Les ONG et les parents au Mexique exigent la liberté de cinq autochtones

TUXTLA GUTIÉRREZ. Dans le cadre d’une conférence de presse, les proches, le Centro de Derechos Humanos Fray Bartolomé de Las Casas (Frayba) et le collectif No Estamos Musm (nous ne sommes pas tous) à Tuxtla Gutiérrez, a demandé la libération du « cinq de San Juan Cancuc ». C’est le Tzeltal-Indigenen Manuel Sántiz Cruz, Agustín Pérez Domínguez, Juan Velasco Aguilar, Martín Pérez Domínguez et Agustín Pérez Velasco de l’État de Chiapas dans le sud du Mexique. Ils ont été arrêtés en 2022 après la mort d’un officier de police municipal et condamnés plus tard à 25 ans de prison pour meurtre.

Lawn: Les centres intérieurs et des droits de l’homme critiquent que le jugement est fondé sur des preuves incorrectes et contradictoires. Les circonstances des arrestations ont également été critiquées. Il n’y a donc pas eu de mandat d’arrêt valide et les hommes avaient disparu pendant des heures après l’arrestation, sans interprètes et sans représentation légale. Selon les déclarations, les dossiers d’enquête ont reçu l’avocat: rapports contradictoires, manque de preuves et déclarations peu claires.

Le contexte est la résistance à la construction de l’autoroute entre Palenque et San Cristóbal de las Casas, qui est rejetée par de nombreuses communautés autochtones (America21 rapporté). Les parents ont des parents dans un message vidéo disponible pour le centre des droits de l’homme Frayba, a souligné que le seul crime des détenus était « pauvre, indigène et – surtout – défenseurs: à l’intérieur de la terre et du territoire ».
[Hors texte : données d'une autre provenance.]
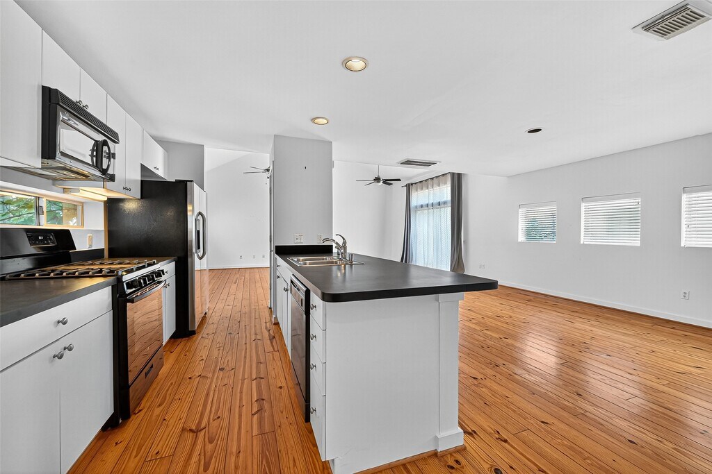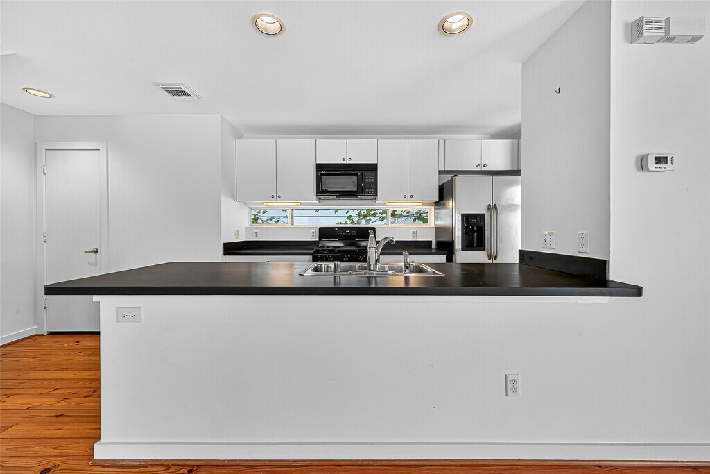 Prime Midtown location—outside the flood zone! This modern townhome offers an open-concept layout that’s perfect for entertaining,plus rare extra parking options. The main living area showcases soaring 17-foot ceilings,rich wood floors,and sliding glass doors that extend the space out to a private balcony. Natural light fills every room,and the kitchen features a breakfast bar with seating for four to five,along with a pantry and coat closet for added storage. The top-floor primary suite boasts a vaulted ceiling,walk-in closet,and a spacious bath. A secondary bedroom with its own bath is located on the first floor,providing flexibility for guests or a home office. Recent updates include AC system in 2022! Just a short distance from Baldwin Park with its renovated playground and lush green space. Quick access to Downtown,the Medical Center,major freeways,dining,and all that Midtown has to offer! MLS# 86745047

En mai, un groupe de travail pour des arrestations arbitraires de l’ONU avait confirmé les allégations de parents et d’avocats: essentiellement confirmé à l’intérieur. De l’avis 21/2025, le groupe de travail a écrit que l’arrestation était arbitraire et que la procédure était injuste. Il a également été dit que la procédure était caractérisée par de graves violations de la procédure appropriée ainsi que de la discrimination fondée sur son identité autochtone et travaille à défendre le territoire. Le groupe de travail a appelé à la libération immédiate des cinq hommes, à la réparation et à un examen indépendant des responsables.

Êtes-vous intéressé par ce qui se passe dans le Sud mondial?

Nous vous fournissons des nouvelles et des antécédents d’Amérique latine. Soutenez-nous avec un don.

Pedro Faro du Centre des droits de l’homme, Frayba, a déclaré à America21 que l’affaire était « dans un schéma systématique de criminalisation des défenseurs autochtones des droits de l’homme: à l’intérieur des Chiapas, en particulier en lien avec la résistance de la population contre les méga projets et la militaire. Le centre de défense des droits de l’homme Bartolomé Dev Deple Casas a donc documenté de nombreuses irrégularités présentées.

Il s’appuie sur les juges nouvellement élus: à l’intérieur qui a pris ses fonctions la semaine dernière et a été choisi pour la première fois directement par les gens. « Selon le droit international et l’opinion du groupe de travail des Nations Unies, ils sont obligés de laisser les hommes libres. Cependant, il y a un précédent du mandat dernier que les personnes emprisonnées continueront d’être détenues malgré de graves violations des droits de l’homme. »

Au niveau local, les prisonniers sont soutenus à côté de Frayba et du collectif No Estamos Todx de la Diócesis de San Cristóbal de las Casas et de la Parroquia San Juan Evangelista à Cancuc. Les partisans: rapports intérieurs d’existences détruites, de pauvreté et de stigmatisation par détention.